Using matches obtained by an existing method for multi-image localization.
Showing that existing methods work well on our challenges, even though the community believes that they do not work.
We will not consider methods of the following type: Reproducing results already published on visuallocalization.net by running someone else's code out of the box (if you are not a co-author of the underlying method) or using your own implementation. However, re-implementations that outperform the existing one are explicitly encouraged.
Using additional data, e.g., for training is explicitly permitted. For example, one could use other nighttime images from the RobotCar dataset (not used in the RobotCar Seasons dataset) to train descriptors. Training on the test images is explicitly forbidden. You will need to explicitly specify which data was used for training.
One member (or representative) of the winner and runner-up teams of each challenge needs to attend the workshop and give a talk about their approach.
Each team can update its challenge results until the deadline.
We explicitly encourage participation from industry.
Challenge submissions will be handled via the evaluation service set up at https://visuallocalization.net/ :
In order to submit results, you will need to create an account. You are only allowed to use a single account per team.
You will need to specify that you are submitting results for one of the challenges in the submission mask and will need to specify for which challenge you are submitting results. You will be able to decide whether the results will be publicly visible on the leaderboard of the challenge. You will be able to make results publicly visible afterwards if you initially decide to not show the results.
In order to be considered for the evaluation, results need to be publicly visible. This is due to the fact that we are using a ranking-based approach to determine the winners.
More details will follow at a later point in time.
Challenge submission opens: July 15th
Challenge submission deadline: August 18th
Notification: August 19th
Note that the Mapillary Place Recognition Challenge has separate rules and deadlines. Most notably, winners will be decided after the workshop. Please see here for more details.
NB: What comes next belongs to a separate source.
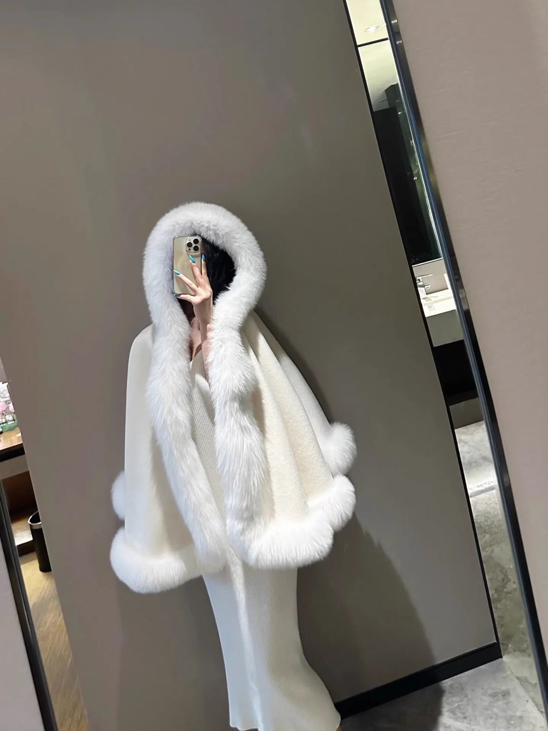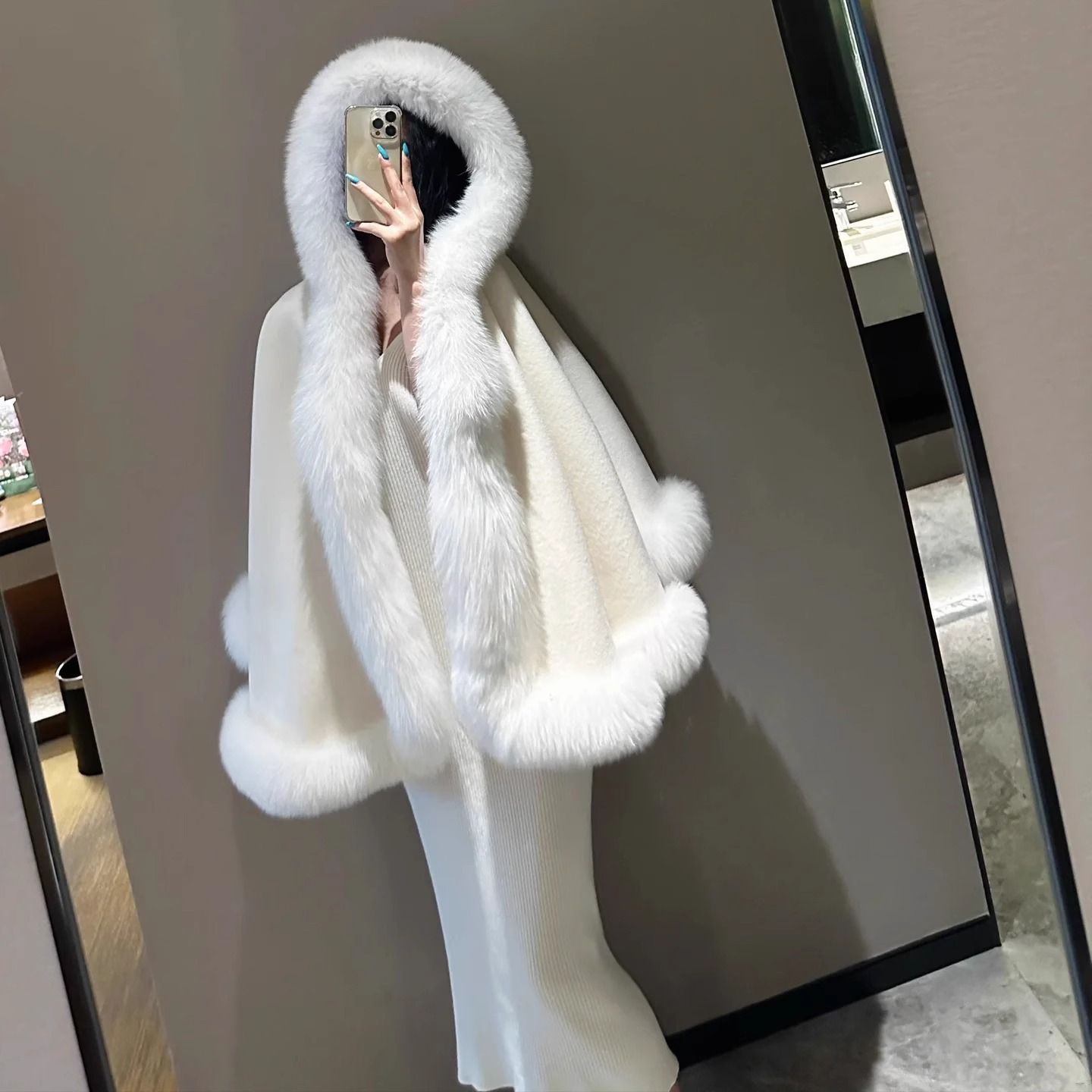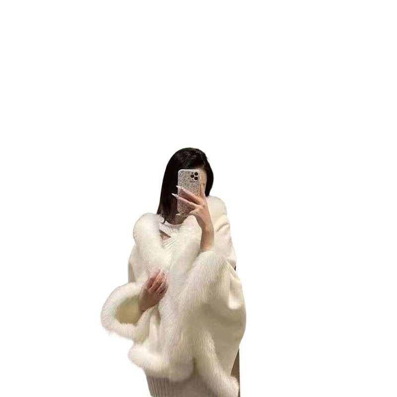 Пушистая верхняя одежда, женский плащ, шаль с капюшоном, новый воротник из искусственного лисьего меха, белый плащ Лолиты, верхняя одежда

The following datasets will be used for the visual localization for autonomous vehicles challenge:
The following datasets will be used for the visual localization for handheld devices challenge:
The following dataset will be used for the local features for long-term localization challenge:
Aachen Day-Night v1.1
In order to make participation and data processing easier, in addition to the original formats all datasets are also provided in NAVER LABS Europe's kapture format, which is a data format and tool set for facilitating the integration of various datasets within your processing environment.
To download each dataset in this format, please follow the instructions provided here.
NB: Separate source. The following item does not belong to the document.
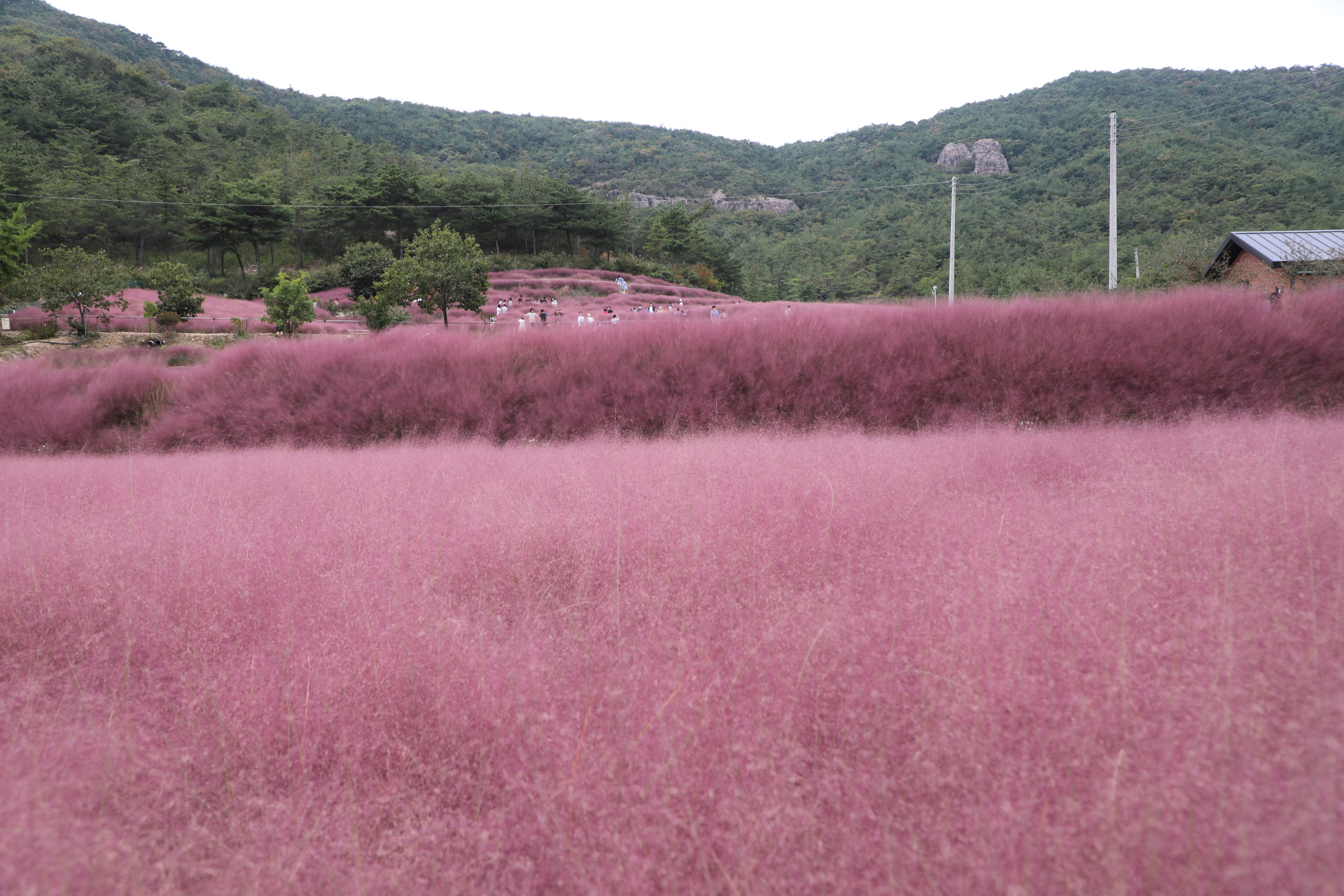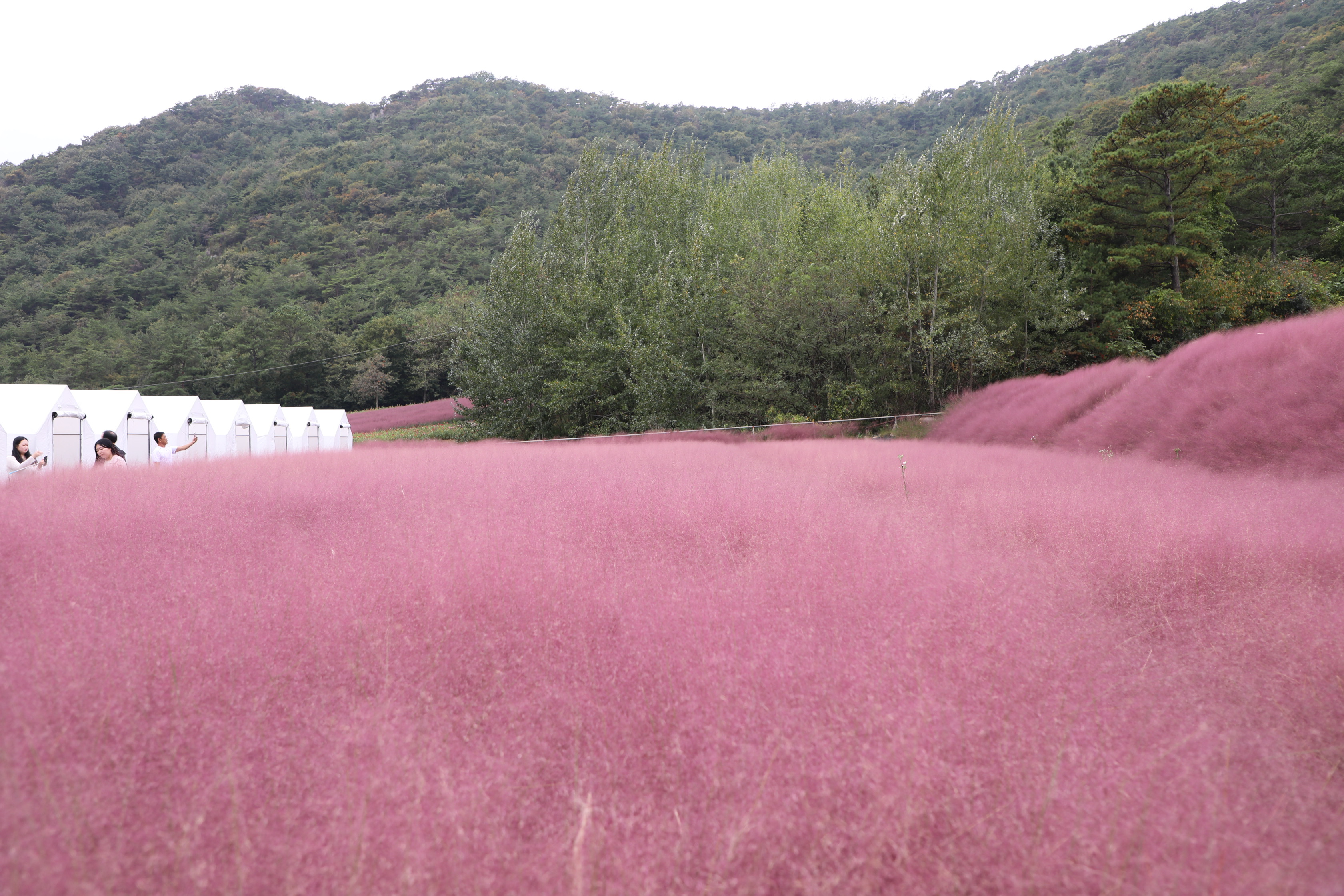 밭 둑에도 핑크 뮬리를 심어 붉은 파도가 치는 느낌이다.

More details, news, and updates about kapture can be found on the kapture website.
Code, specifications, and documentation can be found on GitHub.
For questions, suggestions, and contributions, please contact kapture@naverlabs.com
The following is provided for the challenge:
A script that performs feature matching between images and the uses the COLMAP Structure-from-Motion software for pose estimation.
A list of image pairs for matching.
An empty COLMAP database, in which your features will be imported.
See this Github repository for the code, data, and information on using both.
The workflow for submitting to the challenge is:
Use your own feature detector and descriptor to extract local features for all query images and their reference images.
Execute the provided code for importing the features, performing feature matching, 3D reconstruction, and camera pose estimation. If you want to use your own feature matcher and not the one provided by us (which finds mutual nearest neighbors), you will need to adapt this code.
Submit the output file at visuallocalization.net, indicating that you are submitting to the local feature challenge of this CVPR 2020 workshop.